Could I get in on this? We have a couple projects needing to call fusions on a large amount of samples, and it would be great to have something speedy to iterate on.

schelhorn commented 7 years ago

FYI, I also asked in the kallisto project: https://github.com/pachterlab/kallisto/issues/122

tetianakh commented 7 years ago

Hi @rob-p, I haven't received an invitation to the private repo. Could you please invite me? Thanks!

rob-p commented 7 years ago

Hi @tetianakh, I've re-sent the invitation. If you don't get it, please send me an e-mail, and I'll reply with the link to join directly.

tetianakh commented 7 years ago

Thanks, I've received it now.

rob-p commented 7 years ago

Great :). I'll have @hiraksarkar write up a brief overview of the current state of the codebase (including which branch contains the latest stuff) this week. We can either share that information in the issues over at that repo, or we can e-mail you the write-up @schelhorn, @tetianakh and @roryk. Let me know if one method is preferable to the other.

schelhorn commented 7 years ago

Great; directly in the repo is preferred.

kellrott commented 7 years ago

This sounds cool. Have you looked at submitting your method for the DREAM RNA-Seq analysis challenge ( https://synapse.org/SMC_RNA ) ?

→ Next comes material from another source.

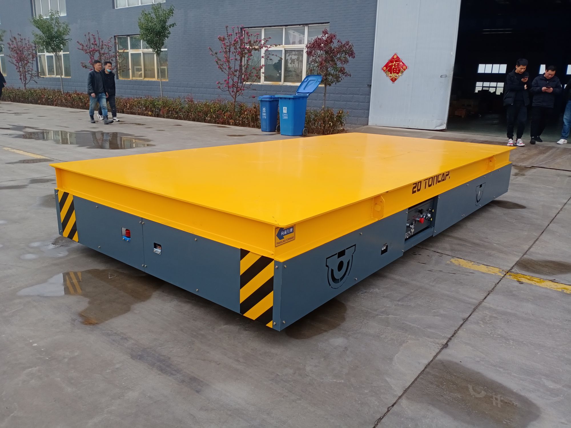 客戶這邊是搬運(yùn)大物件,在車間來回轉(zhuǎn)運(yùn),因為使用頻率高,叉車搬運(yùn)不了大物件,所以采用無軌搬運(yùn)平板車

nellore commented 7 years ago

And any status updates? I'd be interested to test drive a quasi-mapping-based fusion caller!

schelhorn commented 7 years ago

One fast way using pseudo-alignments should be Kallisto+[Manta|Pizzly], but I haven't tried that myself. We decided to go with full transcriptome alignments instead and integrated EricScript into bcbio. We'd still be interested in something more modern, though.

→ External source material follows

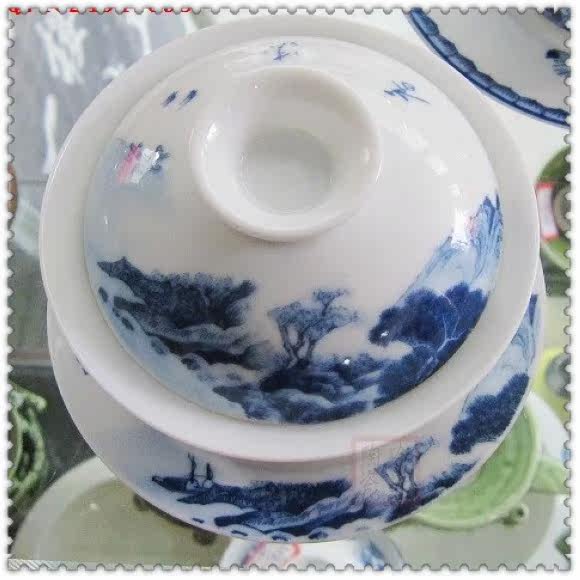 Supervalues Recommended Jingdezhen Ceramics Imitation Ancient Green Flower Decoration Landscape Kung Fu Cover Bowl Three Teatea Cups swing piece special price

rob-p commented 7 years ago

If one has a downstream fusion pipeline that uses transcriptome mapping, you can already get those from the -z= option for a while. The real challenge is how to properly control the false positive rate. That's the main thing special purpose downstream software must solve.

nellore commented 7 years ago

Thanks for the tips; I'll experiment.

erprateek commented 5 years ago

Hi @rob-p, We are working towards creating fusion calling pipeline based on Salmon/Pizzly. It would be helpful to see the current state of the repository and try to replicate some of the experiments we have done with it. We seem to be hitting good specificity but lagging a bit short on sensitivity. Thanks, Prateek

taylorreiter commented 2 years ago

Hello @rob-p! I was wondering if there have been any updates on the fusion/detection of spanning reads problem. I'm about to embark on a project to process many bacterial transcriptomes from many different genomes/species and plan to use salmon. I would love to be able to detect polycistronic transcripts through the identification of spanning reads.